(WHAT THE TASK ASKS): Starting with the line that has "யாழ்ப்பாணம், வண்ணை ஸ்ரீ" and finishing with the line that has "Fotografía Reserva Nacional", set down each line below exactly. Pictures are not copied.

(MATERIAL FOR THIS TASK):
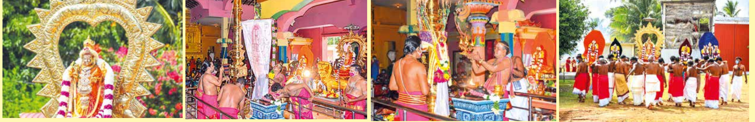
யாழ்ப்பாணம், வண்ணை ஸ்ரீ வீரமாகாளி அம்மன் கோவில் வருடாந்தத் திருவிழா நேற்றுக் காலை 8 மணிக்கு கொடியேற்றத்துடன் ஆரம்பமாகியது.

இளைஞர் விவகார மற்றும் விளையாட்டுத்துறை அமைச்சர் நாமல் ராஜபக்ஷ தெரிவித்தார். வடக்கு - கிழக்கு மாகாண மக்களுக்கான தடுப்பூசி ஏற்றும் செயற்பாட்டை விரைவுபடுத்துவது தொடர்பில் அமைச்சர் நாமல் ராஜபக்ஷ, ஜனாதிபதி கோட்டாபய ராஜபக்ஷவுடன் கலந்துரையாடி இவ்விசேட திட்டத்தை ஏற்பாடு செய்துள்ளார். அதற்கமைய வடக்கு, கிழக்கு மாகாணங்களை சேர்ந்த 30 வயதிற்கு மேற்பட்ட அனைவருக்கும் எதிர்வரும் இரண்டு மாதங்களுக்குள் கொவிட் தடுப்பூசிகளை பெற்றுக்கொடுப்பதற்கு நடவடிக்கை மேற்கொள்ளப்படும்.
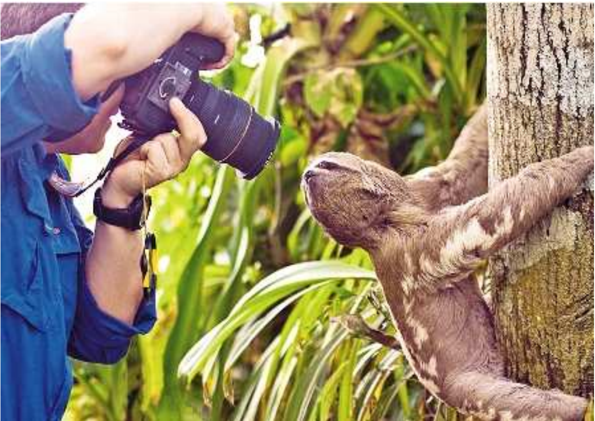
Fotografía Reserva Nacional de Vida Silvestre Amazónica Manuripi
...
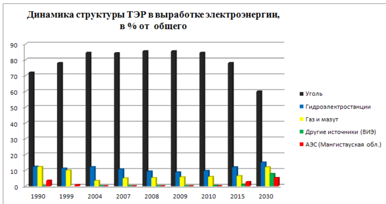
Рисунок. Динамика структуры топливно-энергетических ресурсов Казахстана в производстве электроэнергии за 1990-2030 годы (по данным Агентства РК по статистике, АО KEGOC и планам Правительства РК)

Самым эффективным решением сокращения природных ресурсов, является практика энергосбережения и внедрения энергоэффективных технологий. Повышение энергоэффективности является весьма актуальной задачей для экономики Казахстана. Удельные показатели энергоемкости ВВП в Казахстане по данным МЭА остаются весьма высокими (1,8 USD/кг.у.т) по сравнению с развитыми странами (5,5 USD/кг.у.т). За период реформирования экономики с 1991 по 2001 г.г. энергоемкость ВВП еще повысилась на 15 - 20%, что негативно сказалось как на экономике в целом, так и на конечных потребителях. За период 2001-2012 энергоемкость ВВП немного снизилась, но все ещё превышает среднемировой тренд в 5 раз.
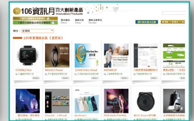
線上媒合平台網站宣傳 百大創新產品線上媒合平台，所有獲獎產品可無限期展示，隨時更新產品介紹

(TASK OUTPUT):
யாழ்ப்பாணம், வண்ணை ஸ்ரீ வீரமாகாளி அம்மன் கோவில் வருடாந்தத் திருவிழா நேற்றுக் காலை 8 மணிக்கு கொடியேற்றத்துடன் ஆரம்பமாகியது.

இளைஞர் விவகார மற்றும் விளையாட்டுத்துறை அமைச்சர் நாமல் ராஜபக்ஷ தெரிவித்தார். வடக்கு - கிழக்கு மாகாண மக்களுக்கான தடுப்பூசி ஏற்றும் செயற்பாட்டை விரைவுபடுத்துவது தொடர்பில் அமைச்சர் நாமல் ராஜபக்ஷ, ஜனாதிபதி கோட்டாபய ராஜபக்ஷவுடன் கலந்துரையாடி இவ்விசேட திட்டத்தை ஏற்பாடு செய்துள்ளார். அதற்கமைய வடக்கு, கிழக்கு மாகாணங்களை சேர்ந்த 30 வயதிற்கு மேற்பட்ட அனைவருக்கும் எதிர்வரும் இரண்டு மாதங்களுக்குள் கொவிட் தடுப்பூசிகளை பெற்றுக்கொடுப்பதற்கு நடவடிக்கை மேற்கொள்ளப்படும்.
Fotografía Reserva Nacional de Vida Silvestre Amazónica Manuripi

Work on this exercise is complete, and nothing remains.